**Raw data**
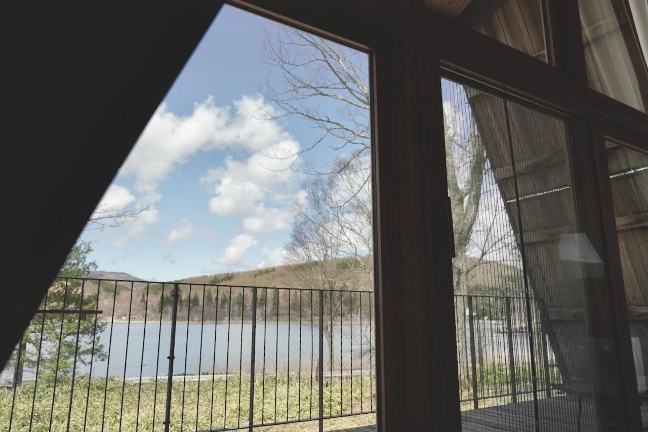 キャビンのドアを開けると、目の前に広がるのは自分たちの背丈を優に越す大きなガラス窓とその奥に広がる白樺湖の景色。
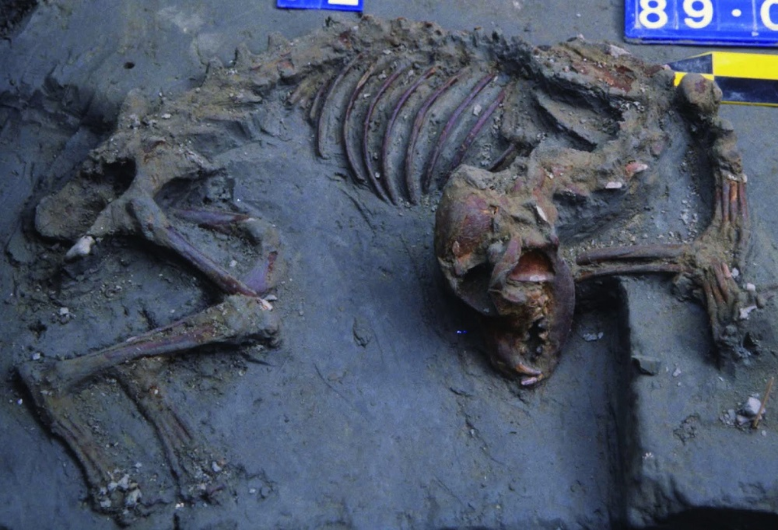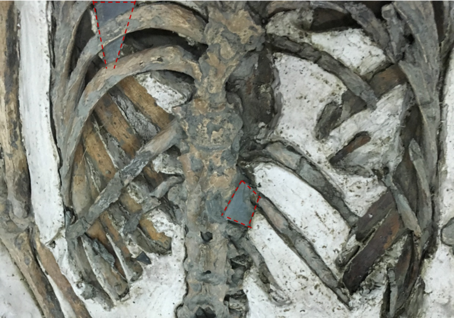 出土遺骸背後插著頁岩製成的箭,大量貝殼從遺址中挖出。南科園區曾是海洋,隨著洪氾沖積成平原,距今 5000 年前人們來到此地,運用各種環境資源謀生存。
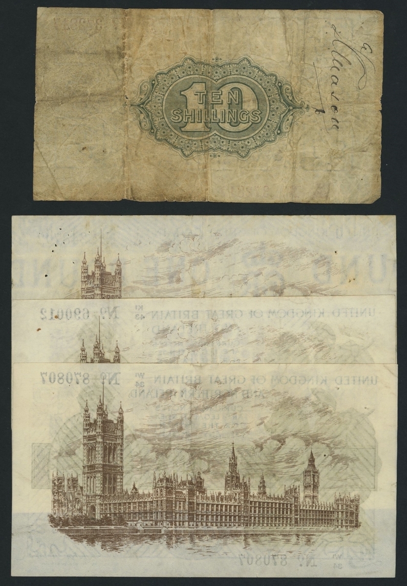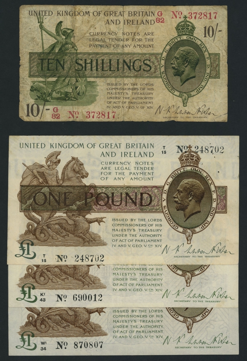 (x) Treasury Series, N. F. W. Fisher, [4 notes] 10 Shillings, £1, 1919-27,

**Work to complete**
The answer is every line of the data, exactly as written, with the pictures dropped.

**Answer to this task**
 キャビンのドアを開けると、目の前に広がるのは自分たちの背丈を優に越す大きなガラス窓とその奥に広がる白樺湖の景色。
 出土遺骸背後插著頁岩製成的箭,大量貝殼從遺址中挖出。南科園區曾是海洋,隨著洪氾沖積成平原,距今 5000 年前人們來到此地,運用各種環境資源謀生存。
 (x) Treasury Series, N. F. W. Fisher, [4 notes] 10 Shillings, £1, 1919-27,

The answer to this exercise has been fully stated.